Both the Whyte & Norco are FS. 
The *2015* Norco has good quality Fox forks & shock with 120 travel front & rear & an XT/SLX Shimano mix group.

The *2016* Whyte has arguably a better frame with 130mm travel F/R, RockShocks forks & rear shock & a 1x11 Sram group.

The Norco is/will be a completely different beast. Hard tail with a 140mm fork & budget groupset. 

With the Norco I could go for this budget spec & upgrade in a couple of years time or get the RR frame & spec it up myself, although I would need a shop to build it.

Does anyone own any of these bikes or just have advice in general ? 

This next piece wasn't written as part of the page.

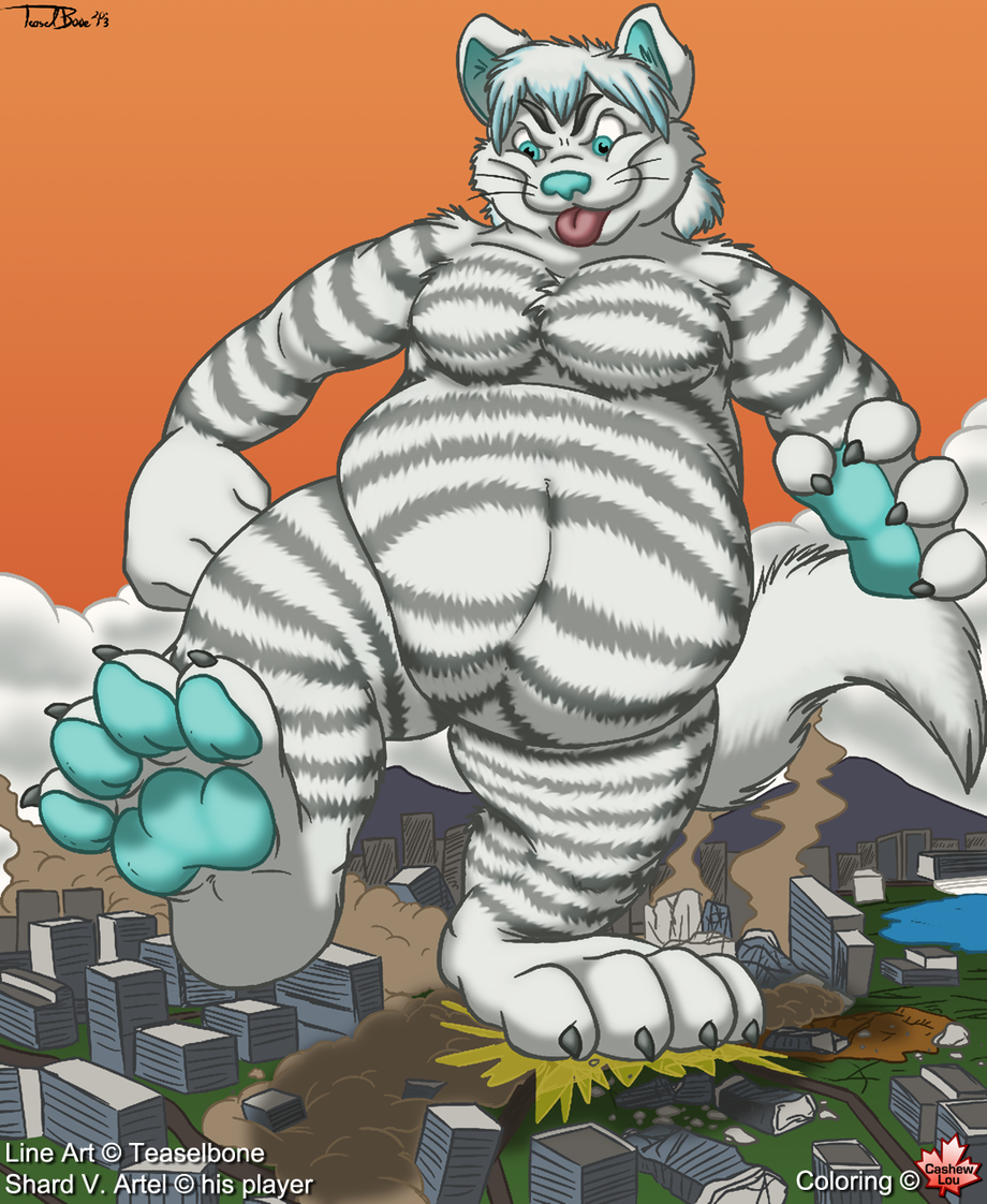 Sebastian Coco Foxy commissioned me to color and shade this image drawn for him by Teaselbone, showing a hefty and huge Sebastian being tied up and tickled, which causes his footpaws to grow.

I have been out of the Mtb game for nearly 20 years now & it will supplement my main road bike focus & give me a bit of 'something else'.

*budget dictates that 0 % finance is used or a slow self build from a frame*

Cheers.


----------



## Levo-Lon (21 Oct 2015)

I'd have the whyte..11 speed sram is superb and rock shox fork will be a better user freindly fork.
fox are a pain with constant service requirement.

whyte is a uk bike too so quick to fix if it goes snap..which it wont..but Norco is Canada..and they have a socialist govt now lol

mondraker? Can you ride one..or any of these bikes?? It will make the decision easier


----------



## SteCenturion (22 Oct 2015)

I can definitely go take a look at the Whyte, either at Leisure Lakes in Bury or Edinburgh Cycle Co-Operative in Manchester. 

The Norco I could ride at Evans Trafford Centre branch but I suspect in all cases it will just be a car park test that won't tell me much other than it fits.

Not sure where I could look at a Mondraker @meta lon so I might have to take a leap of faith.

My gut instinct & roving eye say the Whyte is for me currently, however it is a *lot* of money, but then again should last me 10 years.


----------



## Levo-Lon (22 Oct 2015)

Even a car park test will tell you if its good or not @SteCenturion 
when i gotcthe cube stereo from rutland cycles i tried several bikes that i thought looked cool ,but the were not for me after a quick ride.
the cube was a Iwant this now bike and its proving to be a very good choice.

so much better if you can have a go on a bike.


----------



## Motozulu (4 Nov 2015)

Haven't got the Whyte but a couple of riding buddies have - it's a great, do everything bike. No brainer - get it!


----------